I have just returned from the Sharp National Dealer Show held at the JW Marriott San Antonio Hill Country Resort & Spa in San Antonio, Texas.  Quite frankly I could do a positive write up on the event based on that fact alone just because I love Texas!  But I’ll keep it professional and focus on the host (Sharp) and their event content but first let’s get some housekeeping items out of the way before I do a deep dive on the most exciting facets of the event.

Unless you have been living on the moon, you know that Sharp has struggled financially.  In May, they unveiled an annual loss of $1.9bn.  However, my prediction is that Sharp will never die and they will continue to evolve and adapt.  This is not to understate the issues they face, only to emphasize the fact that Sharp, like many companies that have confronted this class of challenges before them will most certainly evolve and adapt.  Executive Managing Officer of Sharp Corporation and President of Business Solutions, Mr Kazushi Mukai stated in the General Session to open the event, “As you have read in the news, Sharp is struggling through the restructuring process of transforming from its legacy categories which have been accumulated throughout history.  However, while it has taken a lot of time, we are basically through that change.”  So, let me make the statement again, they (Sharp) will continue to exit certain businesses; they will most certainly evolve and adapt to the changing industry landscape, but SharpWillNeverDie.

The message throughout the event was on Sharp’s commitment to B2B business, not consumer expansion.  Doug Albregts, President – Sharp Imaging and Information Company of America, stated “The B2B world is about relationships and we will work hard to expand your opportunities in this market” and have positioned Sharp for growth through B2B with a number of tactics:

  1. People
  2. Training
  3. Simplifying Programs
  4. Improving Delivery Times
  5. Working Capital
  6. Tech Data
Doug Albregts

Doug Albregts, President – Sharp Imaging and Information Company of America discusses relationships and partnerships.

How has this strategy and execution started to pay off?  Sharp had their 6th straight fiscal of revenue growth for SIICA despite exiting non-core businesses.  In spite of all the challenges, MFP revenues also grew 6.5% over the prior period and the profit story is equally impressive.  Last fiscal, the Sharp US Document Business was one of the most profitable in their history.  SIICA grew its operating profit by 145% vs. the prior fiscal period.  That is a foundation of results they can continue to build on.

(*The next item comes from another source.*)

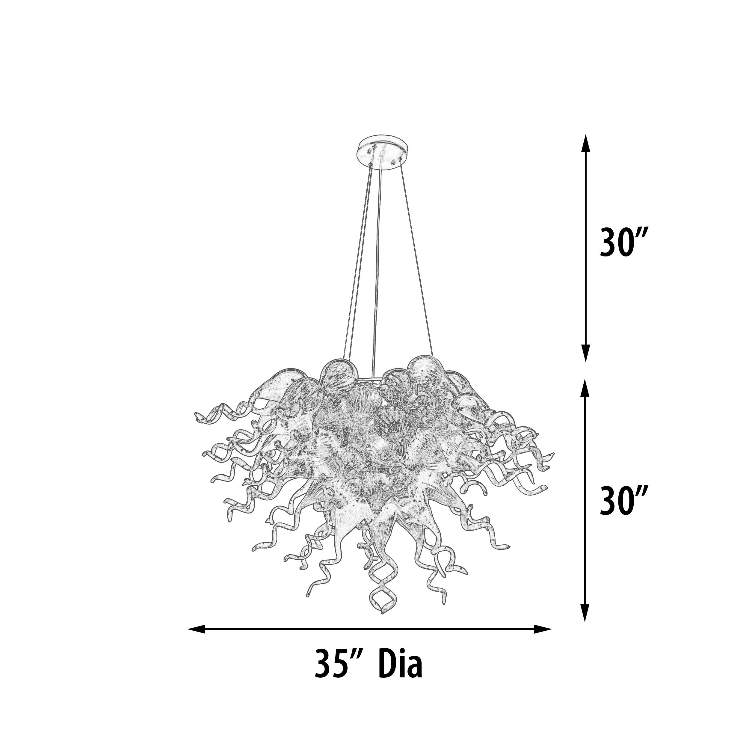 World-Class Hand Blown Glass Artist to design and create these beautiful Blown Glass Burst Chandeliers in a variety of different colors. Each of the Glass Bulbs are perfectly hand blown art glass with a curly cue tip to create this beautiful masterpiece. We commissioned a world class Glass Artist, skilled in the art of hand blown glass, to provide the public the best the world has to offer at a price that they can afford. Installation: Each globe attaches to the multi-level graduated concentric circle frame. Appropriate O-Rings and Clips are provided for installation. Assembly is an extremely simple process of attaching an O-Ring to a Hand Blown Glass Globe, the Globe' O-Ring to the provided Clips and then clip the O-ring to the Frame. Repeat as Necessary Until the Chandelier's Frame is Full. Each Frame Holds Most of the Provided Globes. The Artist Includes a Few Extra for Replacements if Necessary. Bulbs not included Material: Steel/Glass Weight Lb:15.4 Bulbs:6 Watt :35 Switch:G9 Product Ul :Yes Wiring Ul :Yes Socket Ul :Yes Assembly :As Per Instruction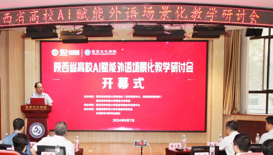2024年9月7日上午,“陕西省高校AI赋能外语场景化教学研讨会”在MILE米乐集团7213报告厅隆重开幕。本次会议以“数智赋能引领外语教学创新与发展”为主题,汇聚了陕西省高校的专家学者,旨在深入探讨如何借助人工智能技术推动外语教学的创新与实践。

The Sharp team was very excited and enthusiastic about this meeting, and rightly so, as it kicked off the strategy that Doug Albregts and his team had carefully been building over the last 2 years and of course, they also had some new print devices to launch.  New products from workgroup color to high speed mono…I want to be brutally honest here, I am NOT a widget guy.  The widget is the least fascinating piece of our industry to me, even back to the time when I was selling said widgets down the street in my first job at Xerox.  I am more from the business vein of building solid relationships with my clients and solving business problems, the widget is just a mechanism to help accomplish that (I can hear the collective whining from the industry “Gear Heads” as I write this piece, get over it Gear Heads).  Are we clear on my feelings about this?  Because it’s really important as to what I am about to write next, which is something I have never ever once said or written, ever.  One of the most exciting moments during the event, if not the most exciting moment was the launch of 10 new clean sheet design A3 product line in the 30 – 60 PPM range (click the link and read all about it). All models will use the same engine, accessories and most importantly common parts and supplies, making this one of the easiest product lines for service operations to support.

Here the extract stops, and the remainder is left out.